Der Chemie-Nobelpreis 2025 geht an drei Forschende aus Japan, Australien und den USA – ausgezeichnet wurde die Entwicklung von metallorganischen Gerüstverbindungen, kurz MOFs. Diese Materialklasse macht es möglich, Wasser selbst aus extrem trockener Luft zu gewinnen und gilt zugleich als Schlüsseltechnologie für Klimaschutz, Energiespeicherung und Sensorik.

Was sind metallorganische Gerüstverbindungen (MOFs)?

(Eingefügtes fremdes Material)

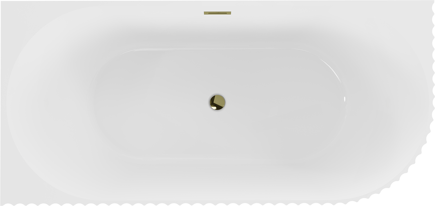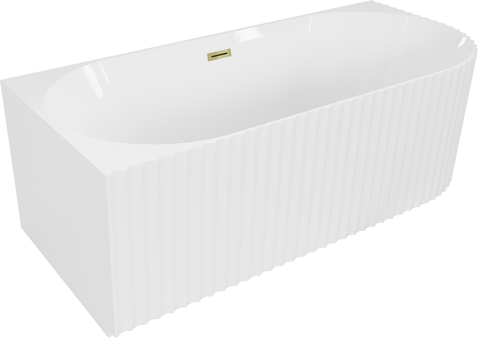 Mexen Gia wanna wolnostojąca narożna ryflowana lewa 150 x 75 cm, biała połysk, przelew złoty - 52701507500L-50

MOFs sind kristalline Netzwerke aus metallischen Knotenpunkten und organischen Linkern. Das Ergebnis ist ein hochporöses, fein abstimmbares Gerüst mit enormer innerer Oberfläche. Durch die gezielte Wahl der Bausteine lassen sich Porengröße, Chemie und Selektivität präzise einstellen – ideal, um bestimmte Moleküle anzulagern, zu trennen oder zu aktivieren.

Wasser aus Wüstenluft: So funktioniert die Gewinnung

Bestimmte MOFs binden Wassermoleküle schon bei sehr geringer Luftfeuchte. In einem einfachen Zyklus wird das Material nachts oder bei niedrigen Temperaturen beladen und gibt das Wasser bei Erwärmung – etwa durch Sonnenlicht – wieder frei. Das kondensierte Wasser kann gesammelt werden. Der Prozess ist potenziell energiearm, modular und skalierbar, wodurch sich autarke Lösungen für trockene Regionen oder Notfallversorgungssysteme realisieren lassen.

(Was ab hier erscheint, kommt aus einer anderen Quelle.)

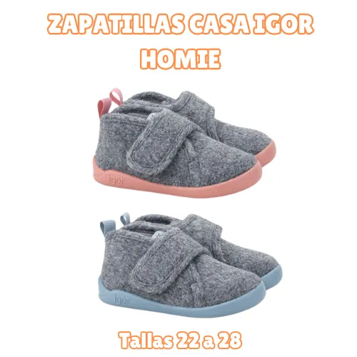El fabricante español IGOR presenta estas zapatillas casa respetuosas para la temporada otoño-invierno, en esta ocasión traemos el modelo HOMIE, unas zapatillas de casa barefoot que son el complemento perfecto para los momentos de relax en el hogar, disponibles entre las tallas 22 y 28 y las tenemos en varios colores:

Mehr als Wasser: CO2-Abscheidung, Gas-Speicherung und IT-Anwendungen

Neben der Wassergewinnung glänzen MOFs in der CO2-Abscheidung, bei der selektiven Gastrennung (zum Beispiel für Wasserstoffreinheit) und der Speicherung von Energie- oder Prozessgasen. In der IT- und Hardwarewelt eröffnen MOF-basierte Filter und Sensoren neue Optionen für Umwelt- und Luftqualitätsmonitoring, für effizientere Kühl- und Entfeuchtungssysteme in Rechenzentren sowie für smarte, vernetzte Geräte, die präzise auf Feuchte, VOCs oder CO2 reagieren.

Chancen und Herausforderungen

Damit der Durchbruch in der Breite gelingt, müssen Skalierung, Kosten, Stabilität und Recycling gelöst werden. Robustheit gegenüber Staub, wechselnder Feuchte und Temperaturzyklen ist ebenso entscheidend wie standardisierte Fertigung und Lebenszyklus-Analysen. Fortschritte in Synthese, Prozessintegration und Systemdesign deuten jedoch darauf hin, dass MOF-Technologien in den kommenden Jahren rasch an Reife gewinnen.

Der Nobelpreis unterstreicht die wissenschaftliche Tiefe und die praktische Relevanz dieser Materialklasse – von nachhaltiger Wassergewinnung bis hin zu klimafreundlichen Industrien und smarter Sensorik.